Let there be an end to the arms race and to the “troubling spread of weaponry,” he added.
“Before the many sufferings of our time, may the Lord of life not find us cold and indifferent. May he make us builders of bridges, not walls,” Francis stated.
He added: “May the Risen Christ, who flung open the doors of the tomb, open our hearts to the needs of the disadvantaged, the vulnerable, the poor, the unemployed, the marginalized, and all those who knock at our door in search of bread, refuge, and the recognition of their dignity.”
“Today the Church renews the proclamation made by the first disciples: ‘Jesus is risen!’ And from mouth to mouth, from heart to heart, there resounds a call to praise: ‘Alleluia, Alleluia!’” he rejoiced.
Quoting from Christus vivit, his recently-published apostolic exhortation on young people, the pope said “Christ is alive and he wants you to be alive!
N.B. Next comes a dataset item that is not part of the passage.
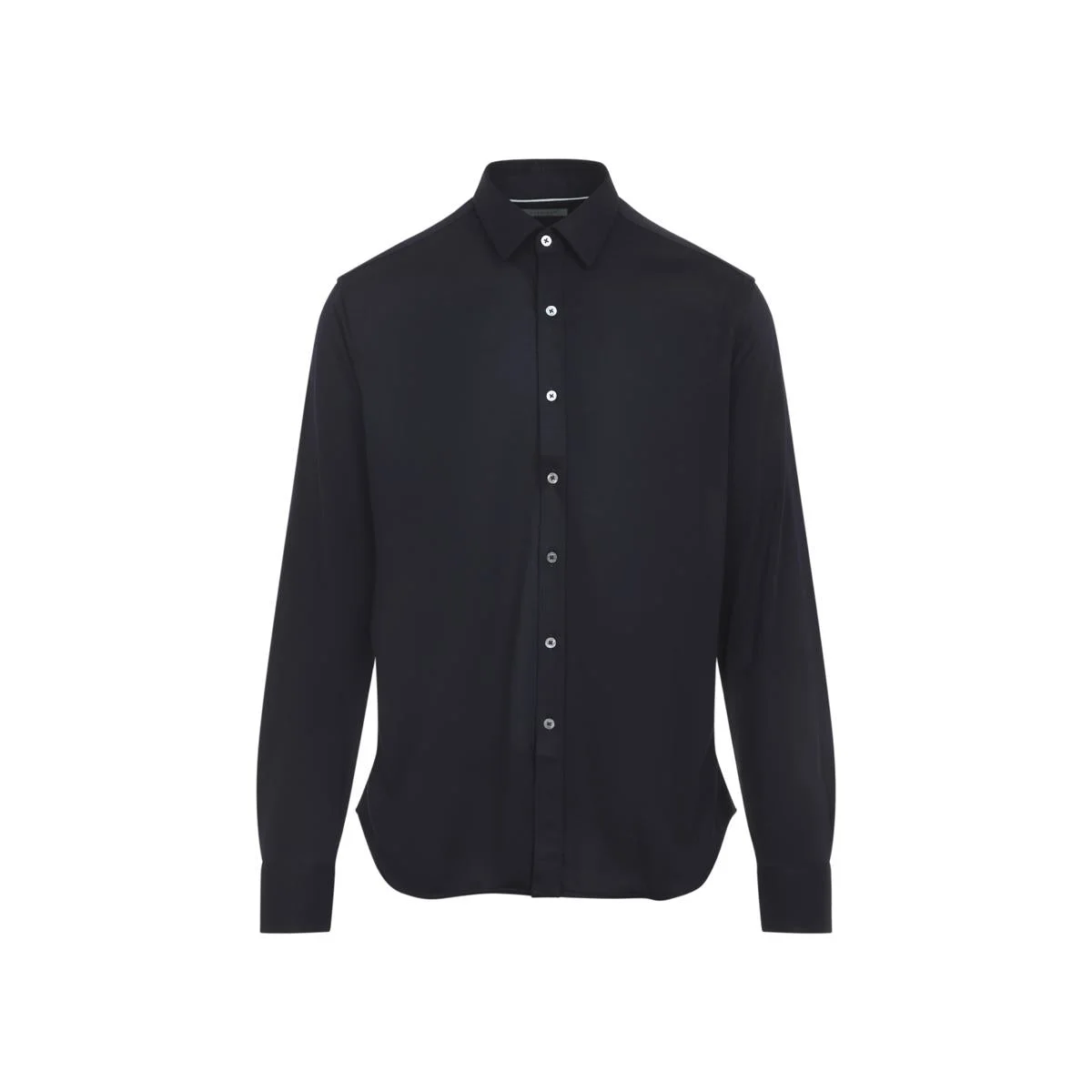 Canali Navy Blue Wool Jersey Shirt. Pure navy blue wool shirt, pointed collar, front buttoned fastening, long sleeves, buttoned cuffs, round hem, tonal stitching. Gender: Men Material: 100%WOOL Color: BLUE Made in: Italy Product ID: CSL7077.GN03652_301 *Import tax/duty will be calculated at checkout (If applicable)

He is in you, he is with you and he never abandons you.”
“However far you may wander, he is always there, the Risen One. He calls you and he waits for your to return to him and start over again.”
At the end of the blessing, Pope Francis expressed his sorrow for several bombings which took place in churches and hotels in Sri Lanka Sunday morning. More than 100 people were killed and hundreds injured in explosions at three luxury hotels and three churches.
St. Anthony’s Shrine in Colombo and St. Sebastian’s Catholic parish in Negombo were targeted, as well as the evangelical Zion Church in Batticaolo.
Francis entrusted to the Lord those who have died and been wounded, and all who are suffering because of the attack: “I wish to express my affectionate closeness to the Christian community, struck while it was gathered in prayer, and to all the victims of such cruel violence,” he said.
The pope wished all those gathered in St. Peter’s Square, and all those participating via radio or television, a happy Easter, noting that it was on Easter Sunday 70 years ago that a pope spoke for the first time on television.
Venerable Pope Pius XII addressed the viewers of French TV, “underlining how the eyes of the Successor of Peter and the faithful could also meet through a new means of communication,” he said.
“This occasion offers me the opportunity to encourage Christian communities to use all the tools that the technique makes available to announce the good news of the risen Christ.”
Francis also thanked the donors of the flowers in St. Peter’s Basilica and Square, which came from the Netherlands and Slovenia.
“Enlightened by the light of Easter, we carry the scent of the Risen Christ into the solitude, into the misery, into the suffering of so many of our brothers, reversing the stone of indifference,” he concluded.
A plenary indulgence, or the remittance of temporal punishment due to sins which have already been forgiven, is granted to those who participate in the Urbi et Orbi blessing in person or through radio, television, or the internet.
The usual conditions for a plenary indulgence must be met: the individual must be in the state of grace and have complete detachment from sin. The person must also pray for the pope's intentions and sacramentally confess their sins and receive Communion up to about twenty days before or after the indulgenced act.